Effect of Different Cooking Methods on the Bioactive Components, Color, Texture, Microstructure, and Volatiles of Shiitake Mushrooms.

The effects of different cooking methods (steaming, boiling, air frying, and oven baking) and cooking times (0, 5, 10, 15, and 20 min) on the bioactive components (total phenol, total flavonoid, crude polysaccharides, and eritadenine), color, texture, microstructure, and volatiles in shiitake mushrooms were investigated in this study. Steaming, boiling, and air frying for 5-20 min could decrease the contents of all the four bioactive components in the shiitake mushroom. However, oven baking for 5 min and 10 min showed the highest contents of total phenolics and total flavonoids, respectively. Moreover, the lowest losses of crude polysaccharides and eritadenine were observed for oven baking for 5 min and 15 min, respectively. The lightness of shiitake mushrooms was decreased by all treatments; however, steaming could keep a higher brightness compared with other methods. The microstructure was damaged by all cooking methods, especially air frying for 20 min.
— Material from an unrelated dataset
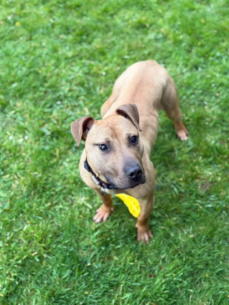 Lottie is a gentle, loving young dog who is ready to find a patient and understanding home where she can truly flourish.She may be a little worried when faced with new people or unfamiliar situations, and the scars of her past mean she will need time to learn that the world can be a safe and happy place. With kindness, patience, and plenty of reassurance, Lottie will slowly build her confidence and begin to shine.Lottie takes great comfort from the company of other dogs and could really benefit from living with a calm, gentle canine companion who can help guide her and show her the ropes. Once she feels safe, her affectionate nature comes to the forefront. She absolutely adores love and cuddles and will form a wonderfully close bond with her new family.Because she can find change overwhelming, Lottie would thrive in a home where someone is around for much of the day, especially while she settles in. She would be best suited to a household with older, dog-savvy children, or an adult-only home, where her need for space and understanding will be respected.Lottie is still young and full of energy, so she will enjoy plenty of walks, playtime, and mental enrichment to keep her happy, engaged, and thriving. With patience, kindness, and perhaps a little cheese along the way, Lottie will reward her new family with endless love, loyalty, and companionship.She is a truly special girl who simply needs someone willing to give her the chance she deserves.

Meanwhile, steaming for 20 min decreased the hardness mostly, and there was no significant difference with air frying for 20 min. All cooking treatments decreased the complexity of the flavors and the relative contents of volatile compounds; the lowest contents were found when boiling for 5 min. From these results it can be seen that the physical, histological, and chemical features in shiitake mushroom were influenced by cooking methods and times. In addition, our results provide valuable information for the cooking and processing of shiitake mushrooms and other fungi.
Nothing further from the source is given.